Oil Prices Rise Despite Oversupply, and OPEC Wins
Oil futures prices have rallied lately, which might lead some to think that the demand for oil must be greater than the supply of oil. On the contrary, oil producers like OPEC are trying to gauge whether there is too much oil on the market. If prices were determined by supply and demand, then the prospect of too much oil would bring prices down; however, as Reuters reported on Thursday, oil prices have risen despite plentiful supplies, demonstrating (again) that the fundamentals of supply and demand have a limited influence on the price of oil.
David Hufton, an oil trader with the firm PVM, puts it another way: “Anybody who still believes that oil futures prices are a reflection of the true state of the physical market is living in a time warp.”
Neither Hufton nor Reuters emphasized the point, but many careful observers of the oil market agree with Hufton that supply and demand do not determine oil prices, and place responsibility for higher prices on speculators who treat oil as a financial rather than a physical asset. Whether you believe speculators perform a useful function—by anticipating future changes in the supply of or demand for oil—or not, their influence in oil markets moves the emphasis away from the physical market.
Who benefits from this? OPEC does, says Reuters. OPEC members are now routinely surpassing their production quotas. According to an energy adviser with PFC Energy, Paul Tossetti, “If you get on the ground and look at the fundamentals, you see too much crude oil production by OPEC.” But OPEC hasn’t suffered from this oversupply, since physical supply hasn’t dragged down oil prices. When OPEC meets this Wednesday, all expectations are for them to maintain their current production targets, even as member nations violate those targets. And why would OPEC try to curb production? If they can produce more and sell it at the same (or higher) prices, then added production only further boosts their profit.
For consumers of heating oil and other oil products, it can be frustrating to pay more for oil now because traders expect oil demand to rise in the future, but that’s what has been happening. While supply and demand can still have an impact on oil prices—the collapse of crude prices from $147 a barrel to $33 a barrel in 2008 was attributed to the recession, which choked off oil demand as the economy contracted—consumers are often at the mercy of investors who are more concerned with the value of the dollar than with how much heating oil people are using. The Commodity Futures Trading Commission (CFTC) has proposed new rules to try to limit the impact that speculators have on the market, but they may not be stringent enough to affect oil prices.
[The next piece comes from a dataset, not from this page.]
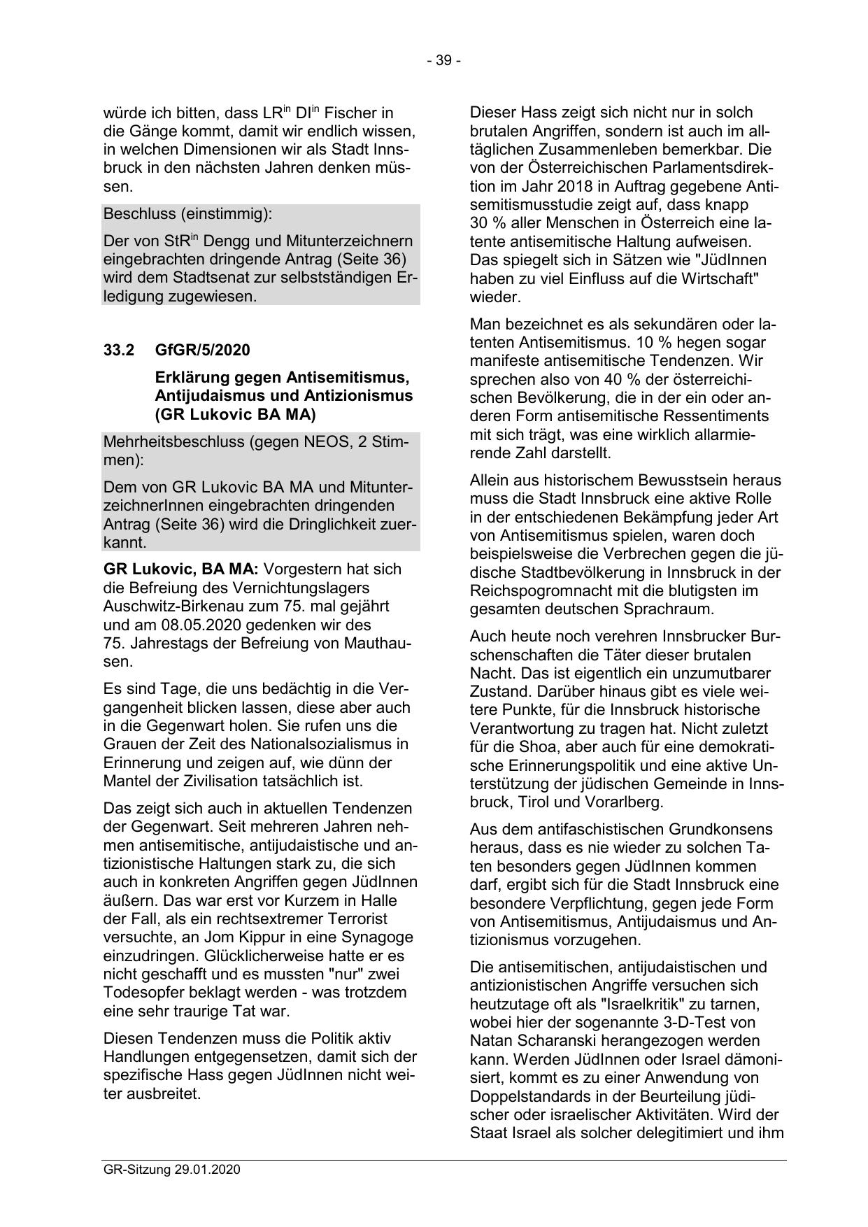 Antrag (Seite 36) wird die Dringlichkeit zuerkannt.

If supply and demand gained a more decisive role in determining oil prices, whether through CFTC regulation or otherwise, consumers would reap the benefits of lower oil prices—at least for now, when there is no shortage of oil supply. However, some oil analysts, like Jeff Rubin, think that significantly higher oil prices are inevitable in the next few years, because supply will be unable to keep up with demand.
So while prices determined by supply and demand are not necessarily low prices, they do give consumers a fighting chance for fair prices. It’s hard to imagine a scenario in which speculators keep oil prices artificially low. If consumers bear the burden when supplies are low and demand is high, they should catch a break when there’s more oil on the market than anyone wants.